Never saw Chelsea Girls, but I’m dubious about it showing the “total degeneration of American society” when, by all accounts, the film is mostly populated by the outcasts of the U.S. And on a related note, referring to the performers as “neither men nor women but […] monsters” has not aged well.

Have you known many meth-heads?

Here, I’ll give the complete quote: “The ‘actors’ in Chelsea Girls are neither men nor women but amphetamine monsters who are sucking desperately at the acrid dregs of their sexuality.”

That sure seems like a disparaging reference to the non-heterosexuals and trans-women in the film to me.

Seemed to me like a disparaging remark in reference to amphetamine addicts who have lost their souls… Interesting how we can read the same words and gather different meanings.

But have you seen the ad for the Garrick? That playlist is gold.

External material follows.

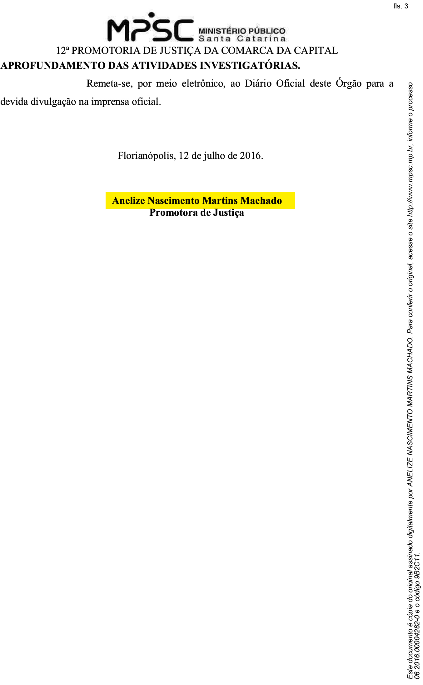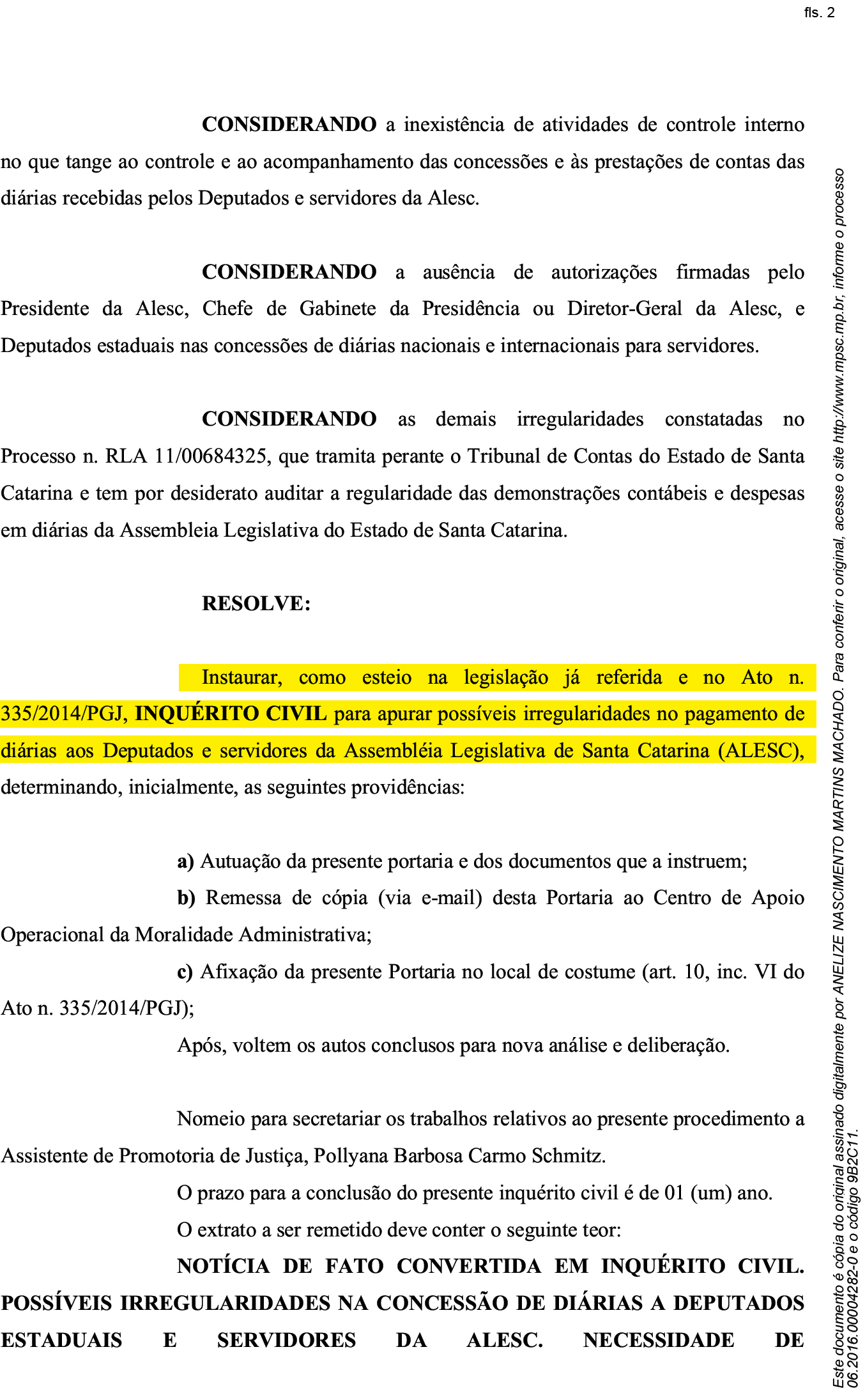 12a Promotoria de Defesa da Moralidade Administrativa da Capital e posteriormente encaminhada à Procuradoria Geral de Justiça (PGJ) do MPSC. Desde 2011, seria a terceira vez que uma denúncia sobre diárias chegava à Procuradoria. Nos dois primeiros casos, houve abertura de inquérito com posterior arquivamento. O último gerou a instauração de uma notícia de fato à parte para investigar ações do deputado Gelson Merisio. O caso foi arquivado em setembro de 2016.

I’ve actually seen Chelsea Girls. For those that aren’t familiar with it, it is 14 reels of film done with a stationary camera in various rooms of guess where. This, of course would have been brutal to watch, so Andy kindly specified that two reels were to be shown simultaneously, bringing the whole exercise down to a mere Titanic length of 3 and a half hours. Since there are two soundtracks, Andy decided that the projectionist could choose which for each pair. Neato! This was absolutely a headache inducing experience. On the other hand, I got to meet Pope Ondine, so there’s that.